Assignment: Print the lines in the listing below that fall between the line with "Στο Παρεκκλήσιο του" and the line with "在广西大化瑶族自治县板升乡弄", those two lines included, exactly as they stand and with nothing else.

Data under study:
= Beginning of Section =

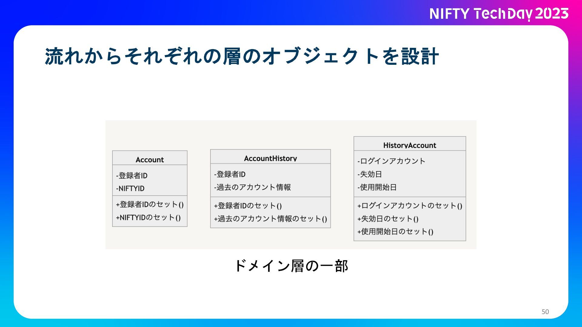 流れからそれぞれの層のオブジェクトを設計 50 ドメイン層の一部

= End of Section =
= Beginning of Section =

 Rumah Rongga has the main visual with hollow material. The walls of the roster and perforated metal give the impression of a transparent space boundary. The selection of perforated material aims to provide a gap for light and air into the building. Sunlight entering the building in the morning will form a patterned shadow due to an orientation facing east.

= End of Section =
= Beginning of Section =

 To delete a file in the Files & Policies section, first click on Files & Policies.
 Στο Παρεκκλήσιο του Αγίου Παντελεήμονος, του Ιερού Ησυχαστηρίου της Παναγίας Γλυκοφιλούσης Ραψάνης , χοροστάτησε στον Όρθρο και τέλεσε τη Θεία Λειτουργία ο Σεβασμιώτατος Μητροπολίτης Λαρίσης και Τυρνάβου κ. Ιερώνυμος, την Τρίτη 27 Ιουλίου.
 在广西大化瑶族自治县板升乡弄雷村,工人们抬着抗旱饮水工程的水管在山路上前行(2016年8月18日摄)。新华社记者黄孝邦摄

= End of Section =

The completed task:
 Στο Παρεκκλήσιο του Αγίου Παντελεήμονος, του Ιερού Ησυχαστηρίου της Παναγίας Γλυκοφιλούσης Ραψάνης , χοροστάτησε στον Όρθρο και τέλεσε τη Θεία Λειτουργία ο Σεβασμιώτατος Μητροπολίτης Λαρίσης και Τυρνάβου κ. Ιερώνυμος, την Τρίτη 27 Ιουλίου.
 在广西大化瑶族自治县板升乡弄雷村,工人们抬着抗旱饮水工程的水管在山路上前行(2016年8月18日摄)。新华社记者黄孝邦摄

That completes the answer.